- Genres: country
- Occupations: Singer, musician, songwriter
- Instrument: Vocals

= Deniese Morrison =

Australian country singer-songwriter

Deniese Morrison is an Australian country singer-songwriter.

==Biography==
Deniese was born in Tamworth, New South Wales and raised in Kootingal. At the age of 10, she was invited on the stage at Kootingal Town Hall to sing at a Johnny Ashcroft concert. At the age of 13, she started performing with the Geoff Brown Showband.

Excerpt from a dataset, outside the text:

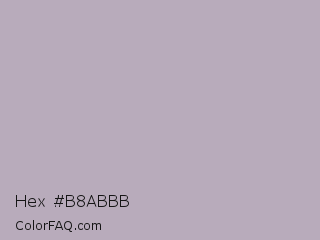 Hex #b8abbb Color is a light purple color and the nearest color is London Hue #bea6c3. Hex code #b8abbb and RGB value is rgb(184,171,187). In RGB color space, this color is composed of 72% red, 67% green, 73% blue, In CMYK color space, this color is composed of 2% cyan, 9% magenta, 0% yellow , 27% black , In HSL color space, this color has a hue angle of 289° , 11% saturation and 70% lightness.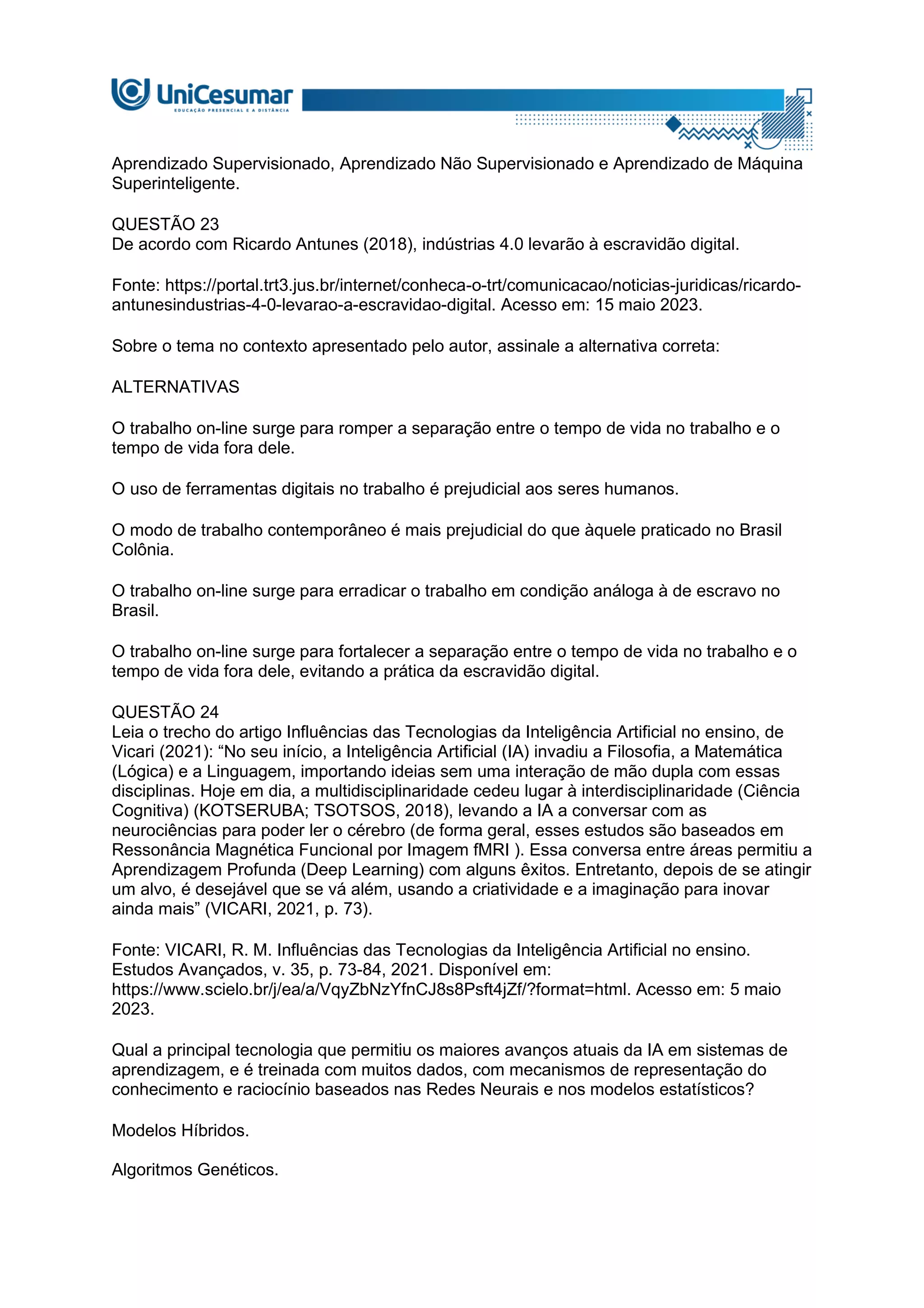 Veja grátis o arquivoATIVIDADEDEESTUDO-SEMANADECONHECIMENTOSGERAIS-532025enviado para a disciplinadeInteligência Artificial Categoria: Prova - 191287781

At the age of 16, she won the female vocal section of the Capital Country Music Association’s Jamboree, (which was the forerunner to the Golden Guitar Awards and the Tamworth Country Music Festival).

In 1973 Morrison was signed to Fable records and released her debut single "No Charge". Morrison said "Signed a contract with Fable Records and released my first single "No Charge", produced by Doug Trevor. Molly Meldrum wrote in TV Week that "No Charge" was the worst record he'd heard all year, but it made the charts of the day and I was pretty chuffed about that!". Morrison released her debut album in 1974.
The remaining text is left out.